The study highlighted though, that villagers have adopted the keeping of cats as a low-cost method of controlling rodents in their homesteads. Domestic cat ownership as a rodent control method has been reported elsewhere, e.g. Madre de Dios, Peru (Elton Citation1953; Salmón-Mulanovich et al. Citation2016; Mahlaba et al. Citation2017). Companion animals, primarily domestic cats and dogs, can either be reservoirs/hosts of zoonosis or carriers of zoonotic disease vectors like fleas and ticks to humans from infected wild animals, thereby presenting health risks (Kruse et al. Citation2004; Friend Citation2006; Overgaauw et al. Citation2020). However, the same companion animals play an important role as indicators for plague outbreaks in case they fall sick (Manungo et al. Citation1998) as these have a higher interaction with rodents and are also highly sensitive to emerging diseases (Friend Citation2006). Hence, developing an integrated disease surveillance and management system is essential to ensure that any potential outbreak is controlled.

The study focused on a small geographic area which limits generalisation to other areas within the agro-ecological region Ⅳ. Time and funding limitations somehow influenced the sampling intensity as per the original plan despite meeting the study overall objectives. There was limited access to recent plague cases data, thus the researchers’ study sites in Nkayi were informed by 1994 plague data (unpublished) and personal communication with the principal environmental health technician. This type of study also did not warrant large geographic areas as it was about people’s level of knowledge and practices of which any acceptable sample would suffice.

Conclusion

The study investigated the local people’s level of awareness and practices on plague disease management in Nkayi and Umzingwane districts, south-western Zimbabwe. The study concludes that Monki and Mathoba focus group discussants had fair knowledge on plague disease as opposed to Nhlekiyane and Crocodile. Considering the plague occurred in Nkayi district that implies the observed knowledge could be a result of LEK as well. The occurrence of a disease in an area also helps people acquire knowledge of it, thereby improving on their skills of combating it. Villages from both districts demonstrated fair plague management skills.
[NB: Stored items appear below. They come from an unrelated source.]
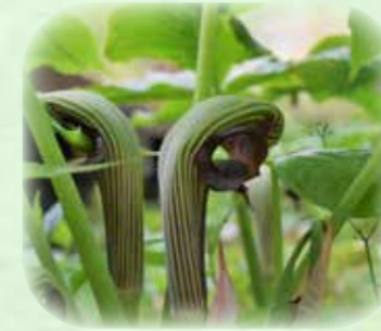
ムサシアブミ 武蔵鎧 観察場所:サ、③、⑧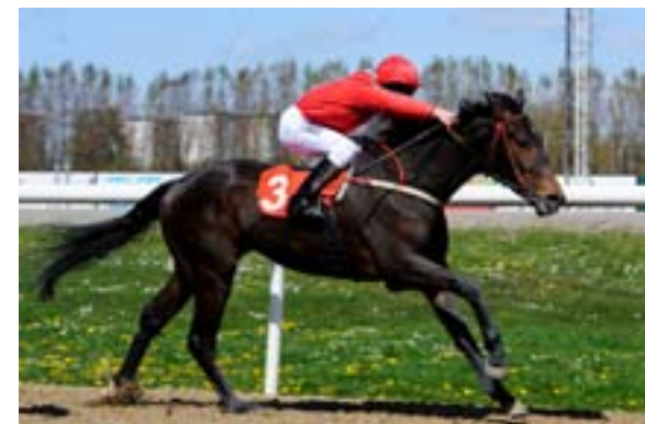
.... og Cassano.

høydepunktene. Derfor følte jeg at han trengte et løp på forhånd. Får bare håpe at han fungerer fint i trening frem til torsdag. Fellet er lite, men veldig bra. Men en gang må vi jo komme i gang, beretter trener Are Hyldmo. Heller ikke denne gang ser V5-rebusen ut til å bli enkel. Likevel tror vi på litt større sjans til å løse en del av løpene uten å bruke alt for mange streker. I V5-avdelingene to og tre er det meget gode hester på startstreken. For den del av publikum som setter pris på god sport, er dette to løp å glede seg til. Rask galopp i det grønne er en estetisk nytelse, synes vi. Stor sport er god underholdning, og vi gleder oss til den siste maikvelden på Øvrevoll.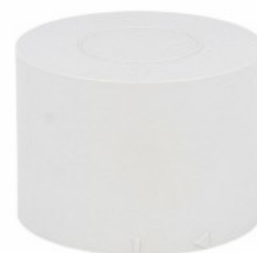
Kolumna sygnalizacyjna Ø70mm/2,75" LTN70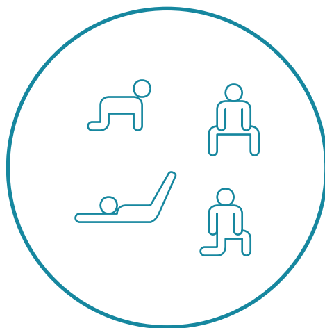
Exemples de porteurs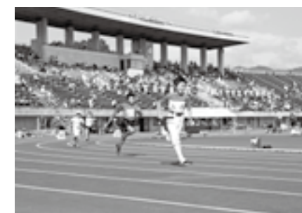
▲スポーツ振興(津山スポーツ祭)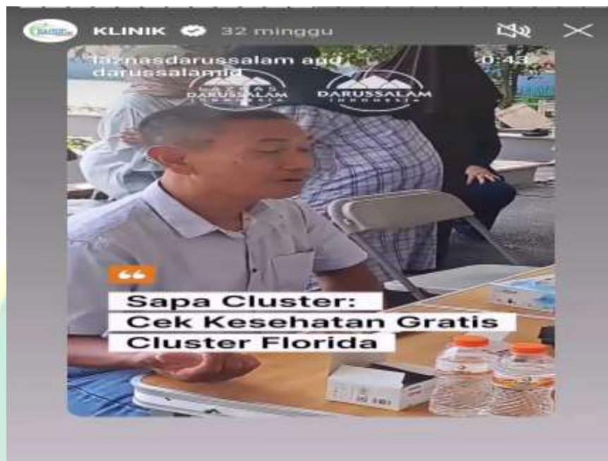
Gambar 4.11 : Kegiatan cek kesehatan gratis program Sapa Klaster

program dapat diterima dengan baik oleh warga. Integrasi antara aksi medis dan koordinasi kewilayahan ini membuktikan bahwa Humas Masjid Darussalam berhasil membangun jejaring sosial yang kuat, sehingga pesan kepedulian masjid tersampaikan secara tepat sasaran kepada publik internalnya.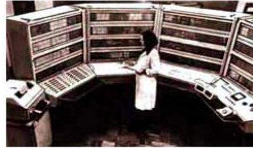
БЭСМ-6. Второе поколение

Второе поколение компьютерной техники — машины, сконструированные примерно в 1955-65 гг. Характеризуются использованием в них как электронных ламп , так и дискретных транзисторных логических элементов . Их оперативная память была построена на магнитных сердечниках. В это время стал расширяться диапазон применяемого оборудования ввода-вывода, появились высокопроизводительные устройства для работы с магнитными лентами, магнитные барабаны и первые магнитные диски .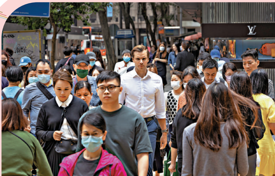
香港完成《維護國家安全條例》立法，對整體經濟發展帶來重要支持。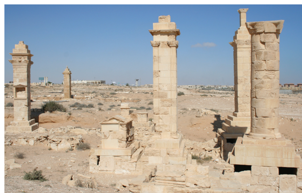
Il. 2. Marina El-Alamein. Grupa pomników grobowych T1K, T12, (T1C), T1B, (T2, T3), T1 i T1F

Pillar tombs T1K and T12 after anastylosis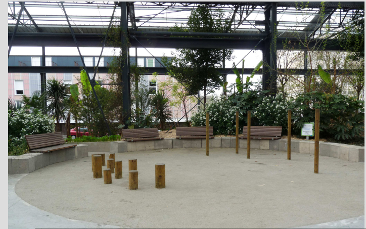
Un espace de récréation à l'abri des intempéries.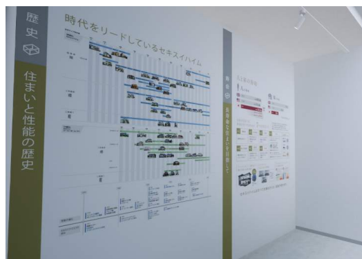
セキスイハイムの歴史と商品紹介パネル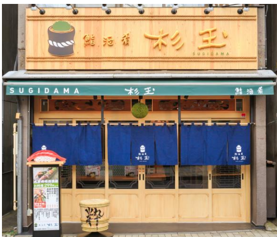
<『鮨・酒・肴 杉玉 神楽坂』外観>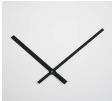
55 135 00 Schwarz / black Zeigersatz, Metall, 18,0 cm Hands set, metal, 18,0 cm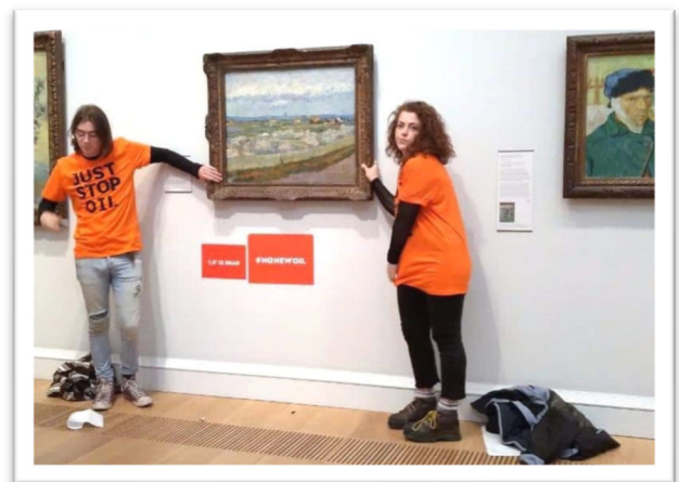
圖一：將塗有膠水的手黏在梵谷《盛開的桃樹》畫框的抗議者。

這也是為什麼梵谷的《盛開的桃樹》會成為目標？當時正值法國普羅旺斯地區，因冬季乾燥與熱浪等因素恐面臨乾旱危機。抗議者便想藉由這幅描畫南法亞爾(Arles)田野風情的畫作提醒世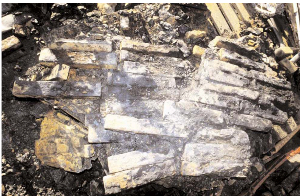
Fig. 3 – Dégagement des lingots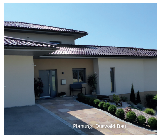
Planung: Duswald Bau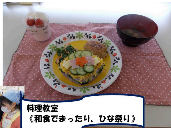
料理教室 《和食でまったり、ひな祭り》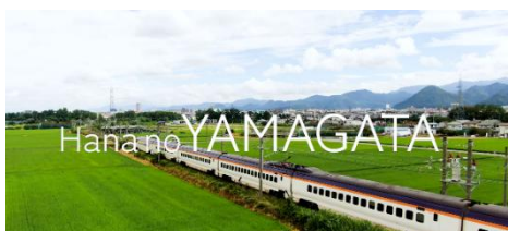
オープニング 約30秒の花笠PR動画

TEL:023-642-8753 / FAX:023-622-4668 Email: chiiki@yamagata-cci.or.jp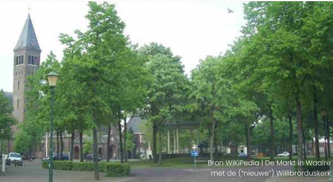
De Markt in Waalre met de ("nieuwe") Willibrorduskerk

Door deze strategieën toe te passen, kunt u uw woonruimte transformeren tot een plek die niet alleen functioneel is, maar ook esthetisch aangenaam en comfortabel om in te leven.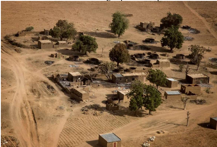
Photos 2 et 3: Greniers et cases en chaume incendiés au milieu du village de Koulogon-Peul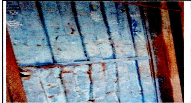
Foto 3: SE PUEDE OBSERVAR QUE LA PUERTA ES DE LAMINA Y ESTA EN MAL ESTADO LO QUE PROVOCA INSEGURIDAD EN EL AULA EDUCATIVA.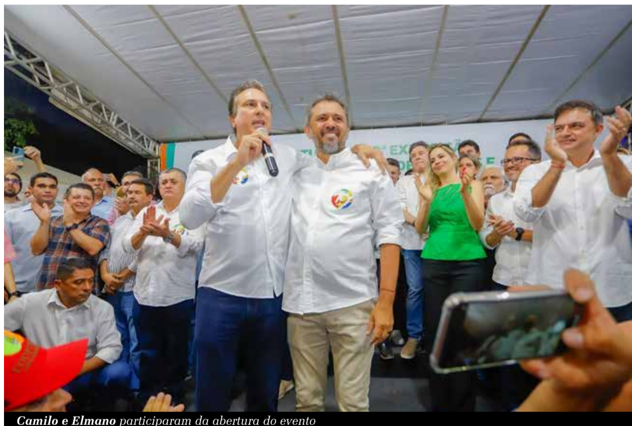
Camilo e Elmano participaram da abertura do evento

Paulo Câmara ressaltou a determinação do governo Lula, em fazer com que o crédito chegue a todos.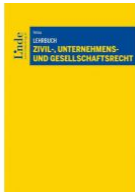
Lehrbuch Zivil-, Unternehmens- und Gesellschaftsrecht Ladenpreis: 44,00 EUR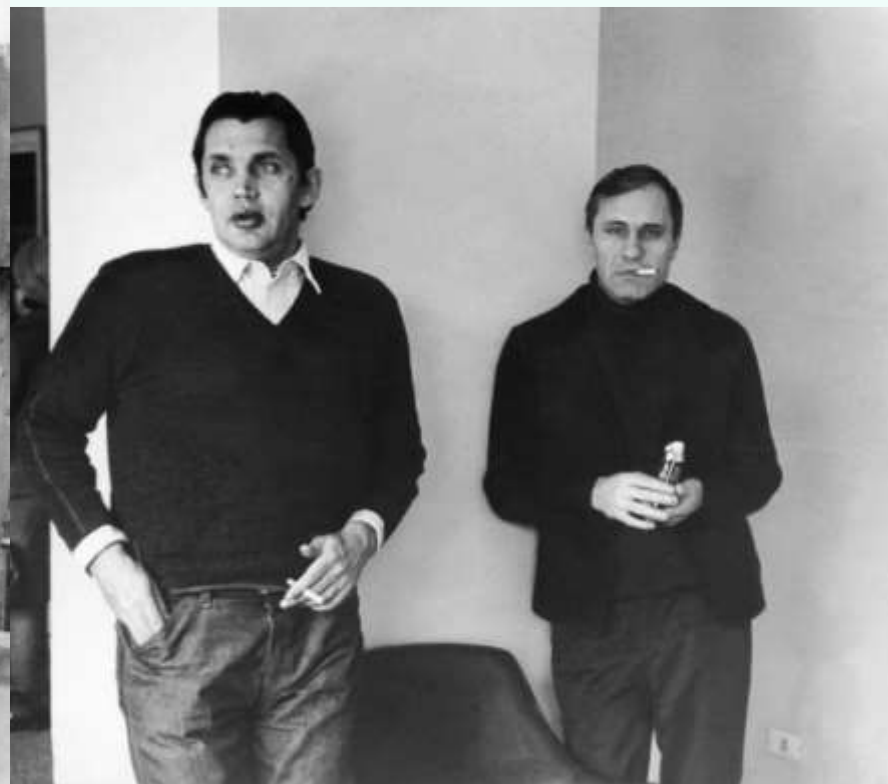
Рождественский с В. Шукшиным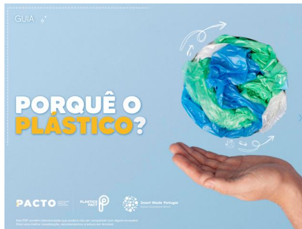
Guia “Porquê o Plástico?”

Rodents consumption and population control may place them at risk of acquiring plague disease if not done on informed decision. It was concluded that mere good practices like controlling rodents using cats, traps and rodenticides can aid in reduced occurrence of plague disease among humans, even with limited knowledge on plague disease, its outbreak among humans was minimal in both plague endemic and non-endemic areas. The study recommends the following: (i) developing an integrated system for plague disease surveillance, monitoring and management encompassing LEK and conventional scientific approaches for the study area and (ii) creating an inventory of the intangible cultural heritage of the study areas and help document this for future references as this may complement the scientific approaches to disease surveillance and management.

Disclosure statement

No potential conflict of interest was reported by the author(s).